This is from Munkres' Topology page 431:
Theorem 70.2 (Seifert-van Kampen theorem, classical version). Assume the hypotheses of the preceding theorem. Let
$$ j : \pi_1(U, x_0) * \pi_1(V, x_0) \longrightarrow \pi_1(X, x_0) $$
be the homomorphism of the free product that extends the homomorphisms $j_1$ and $j_2$ induced by inclusion. Then $j$ is surjective, and its kernel is the least normal subgroup $N$ of the free product that contains all elements represented by words of the form
$$ (i_{1}(g))^{-1} i_{2}(g)), $$
for $g \in \pi_{1}(U \cap V, x_{0}).$
and by hypotheses of the preceding theorem it means that $X$ is a topological space and $U$, $V$ open subsets of $X$ such that $X = U \cup V$ and $x_0 \in U \cap V$
$j_1:\pi_1(U,x_0)\to\pi_1(X,x_0)$ and $ j_2:\pi_1(V,x_0)\to\pi_1(X,x_0)$ are inclusion induced homomorphisms.
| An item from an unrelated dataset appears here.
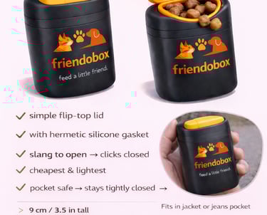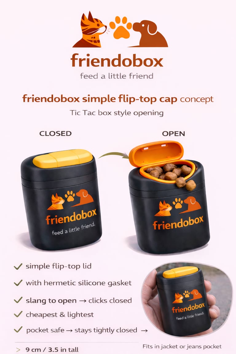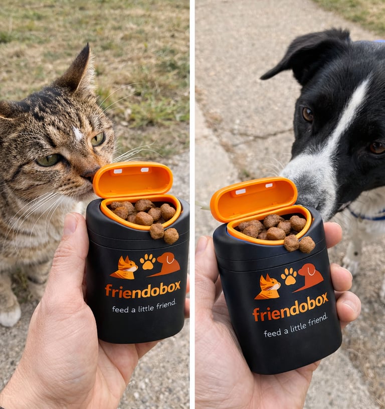 friendobox is a pocket-sized food box designed to befriend stray animals.

I read the proof and understood it but something is really bothering me and that is how do we know that the homomorphism $j$ mentioned in the theorem even exists?
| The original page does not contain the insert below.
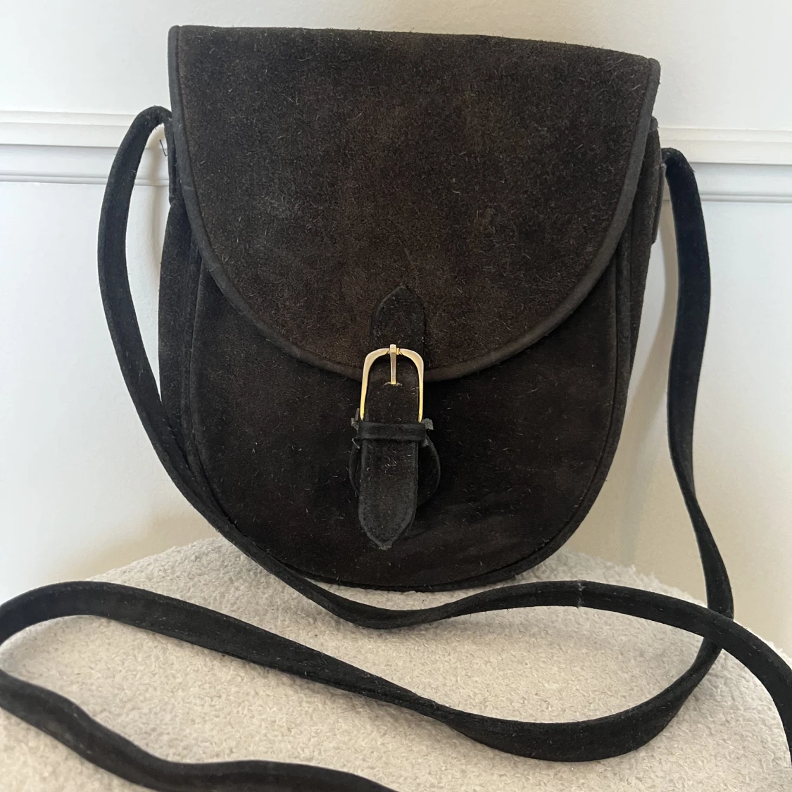 Svart handväska med axelrem.

It tells you: $j_1:U\subset X$ and $j_2:V\subset X$ induce maps on $\pi_1$, $\pi_1(U)\to\pi_1(X)$ and $\pi_1(V)\to\pi_1(X)$, and these are genuine homomorphisms, and if you have two groups $A,B$ and a third group $C$ and homomorphisms $A\to C,B\to C$ then there is a unique associated homomorphism $A\ast B\to C$. In this case with $A=\pi_1(U),B=\pi_1(V),C=\pi_1(X)$, there is a unique homomorphism $j:\pi_1(U)\ast\pi_1(V)\to\pi_1(X)$ associated to $j_1,j_2$.